Recorded data:
════════════════

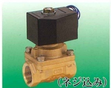
(8A ~ 50A)
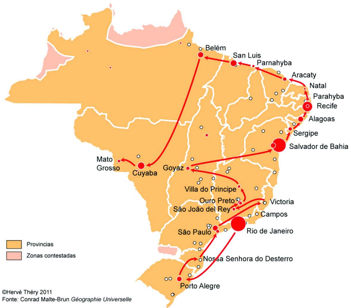
Figura 1 - O percurso da descrição regional

Como se vê, a precisão da descrição não impede certo lirismo e a expressão literária pode mesmo ser feliz na escolha das palavras. Assim, para caracterizar a topografia que qualificamos hoje de relevo “em meio-laranjas”, o autor descreve: “uma longa sequência de colinas de areia e de terra móvel, que se apresentam de longe como as ondulações do mar agitado”. Neste caso, ele prefigura o “mar de morros”, a expressão que o geógrafo brasileiro Aziz Ab’Saber utiliza para caracterizar a mesma região.
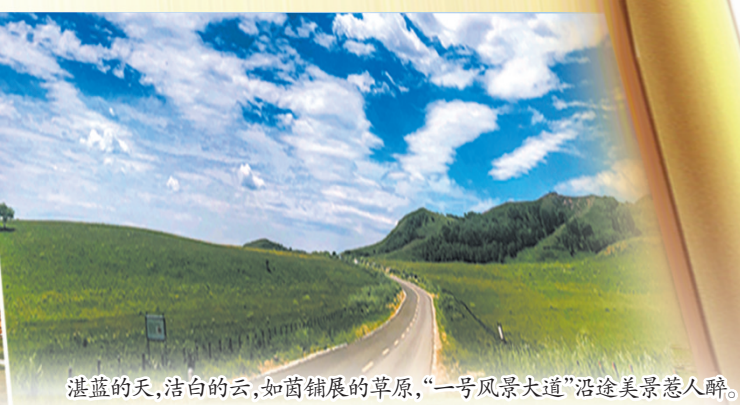
湛蓝的天，洁白的云，如茵铺展的草原，“一号风景大道”沿途美景惹人醉。

由河北省委、河北省政府主办，承德市委、承德市政府、河北省旅游发展委员会承办的第三届河北省旅游产业发展大会，于7月18日至20日在围场满族蒙古族自治县、丰宁满族自治县、御道口牧场管理区等承德坝上地区隆重召开。
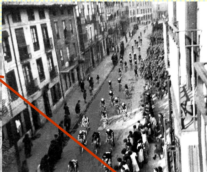
Foto tomada desde el tercer piso de la casa de los Korrika, en 1934.
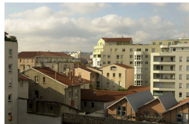
Vue d'ensemble depuis l'est IVR82_20086900674NUCA
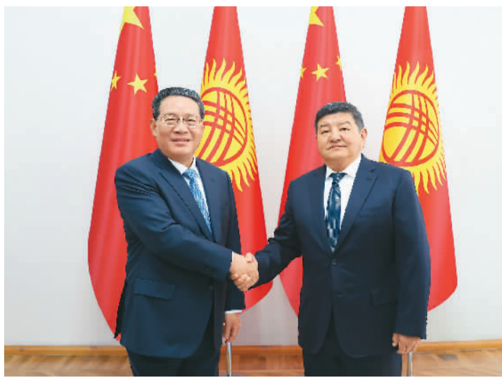
当地时间10月25日上午，国务院总理李强在比什凯克同吉尔吉斯斯坦总理扎帕罗夫会谈。

本报比什凯克10月25日电（记者王迪）当地时间10月25日上午，国务院总理李强在比什凯克同吉尔吉斯斯坦总理扎帕罗夫会谈。
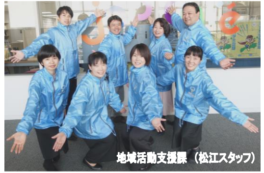
地域活動支援課 (松江スタッフ)

平成31年度の地域活動支援課(松江)は昨年と同様、お馴染みメンバー8名です。全員一丸となって、地域の皆さんを応援していきます！ 本年度も、どうぞよろしくお願いします。
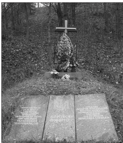
Пам'ятник розстріляним Гестапо у Львові 27.11.1942 р.
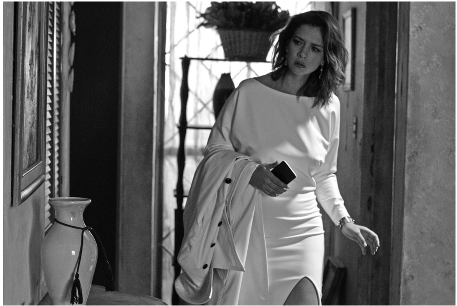
Ki ölte meg Sarát?

sokszor nem elválasztható telenovella-modellt különböztet meg: az alapmodellt, a szocialista-realista modellt és a posztrealista modellt. Az alapmodell eszerint a rádiónovellák romantikus melodramáinak egyenesen a televízióra adaptált változata. Az 1950-es évek közepétől az 1960-as évek végéig tartó időszak a telenovellák hőskora, vagy ahogy gyártási szempontból Nora Mazziotti nevezi: kézműves korszaka. 9 A telenovella ekkor még ezeknek a rádiónovelláknak a színpadra állítását jelentette: a történetmesélés egyszerű, lineáris, a cselekmény kizárólag a belső térben, általában a nappaliban játszódik, lokalizációja többnyire a vidék, a hacienda. A cselekményt két-három kameraállás veszi, a sok közeli az arcokra és a párbeszédre fókuszál. A fő konfliktust általában a két főszereplő tiltott szerelme okozza, a drámai feszültséget pedig a kiderülő titkok és szerencsétlenségek fokozzák. Az alapmodell mellőz minden társadalmi vagy történeti utalást, szereplői kizárólag saját magukkal, boldogulásukkal és érzéseikkel foglalkoznak, karakterfejlődés nincs.
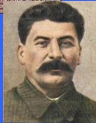
Сталин Иосиф Виссарионович 1879 - 1953
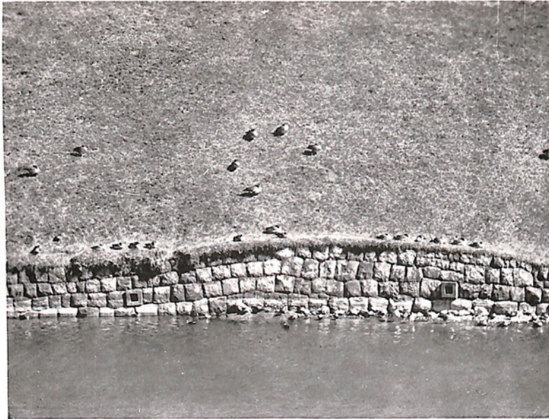
お濠に眠るヒシクイの群
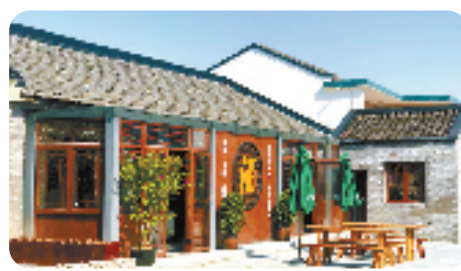
改造后的普陀黄杨尖村无忧酒坊

的重要工作,会同市发改、住建、财政、农业农村、资规、大数据等相关部门组建行动专题小组,并且,将旅游业“微改造、精提升”工作与全域旅游创建、海岛公园、美丽城镇建设、海上花园城打造等工作有机结合,做到信息共享、资源集成、成果叠加。
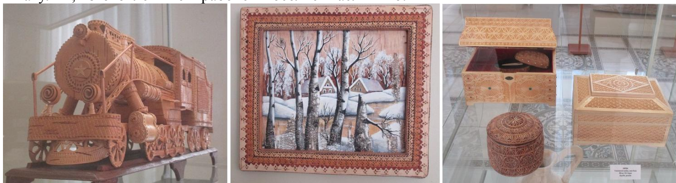
Маслянинских берестяных изделий на выставке много.

Я довольно равнодушна к изделиям из бересты . Но просто пройти мимо не смогла, так как на выставке новосибирских мастеров берестяные работы тоже присутствовали. На левой нижней картинке сувенирный “Паровоз” из Барабинска. В центре – картина “Зимний пейзаж”, выполненная мастером из Колывани (роспись на бересте). На правой картинке берестяные шкатулки, изготовленные в рабочем поселке Маслянино.
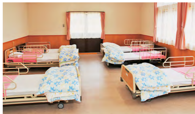
横になってゆっくり休める静養室
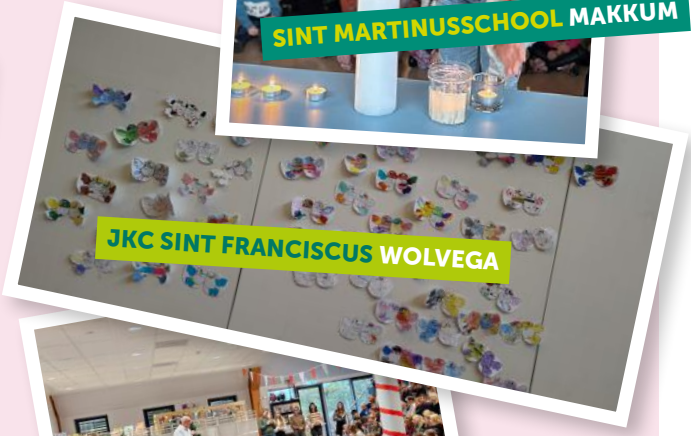
JKC SINT FRANCISCUS WOLVEGA
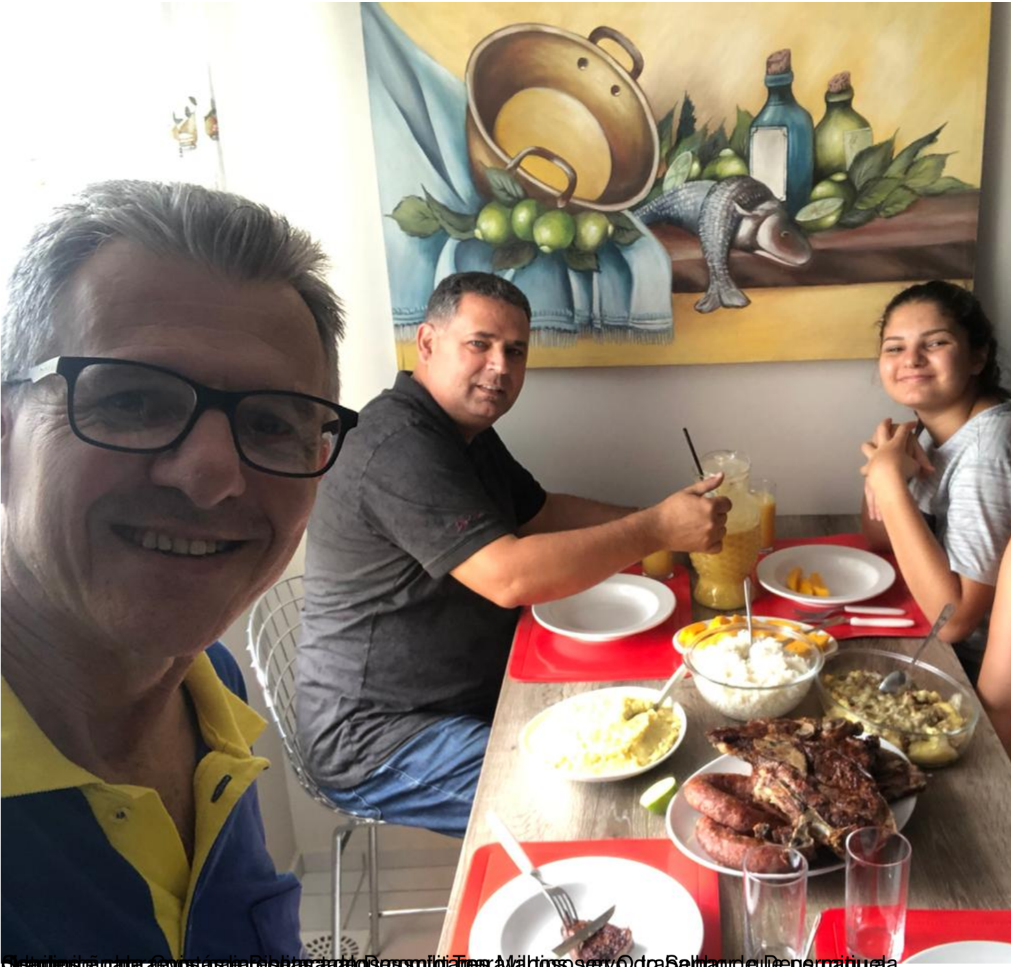
Segunda parte da visita à Biblioteca das irmãs Missionárias. Muitos servidos de carne e de peru.
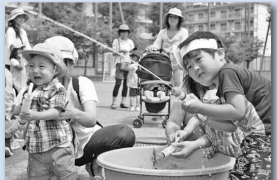
ヨーヨー 7/30 Go!Go! きたっこ夏まつり ～白楊小学校

編集 北区市民部総務企画課広聴係 〒001-8612 北区北24条西6丁目 ☎ 757-2503 FAX 757-2401
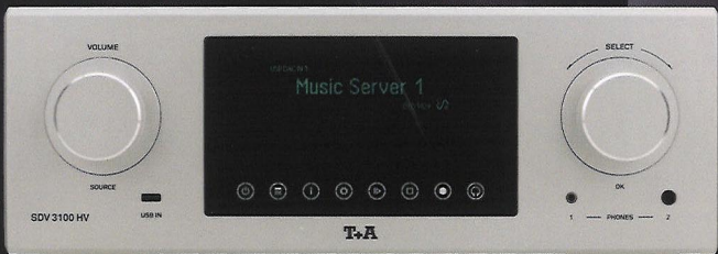
SDV 3100 HV 参考级串流数字/模拟转换器及前级放大器
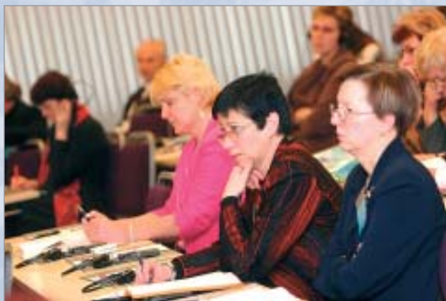
Tautsaimniecības un izglītības nozaru eksperti foruma darba brīdi
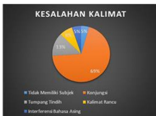
Grafik 3.3 Kesalahan Kalimat

Berdasarkan analisis data dan pembahasan, ditemukan bahwa kesalahan kalimat yang terdapat dalam karya ilmiah mahasiswa dan dosen IAIN Tulungagung meliputi: (1) kesalahan tidak memiliki subjek sebanyak 6 kesalahan, (2) kesalahan penggunaan konjungsi sebanyak 93 kesalahan, (3) kesalahan kalimat yang tumpang tindih sebanyak 18 kesalahan, (4) kesalahan kalimat rancu sebanyak 10 kesalahan, dan (6) kesalahan karena interferensi bahasa Asing sebanyak 7 kesalahan. Kesalahan-kesalahan tersebut disajikan dalam grafik di bawah ini.
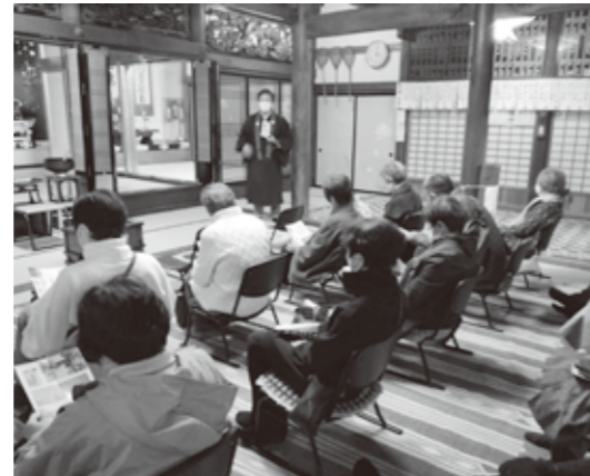
11月16日 福光美術館と光徳寺で棟方志功の作品を見学

════════════════

> **WHAT TO DO**:
All lines from the start of the entries above through the line containing "Figura 1 - O percurso da descrição regional" are to be given again exactly; the pictures are not.

> **TASK OUTPUT**:
(8A ~ 50A)
Figura 1 - O percurso da descrição regional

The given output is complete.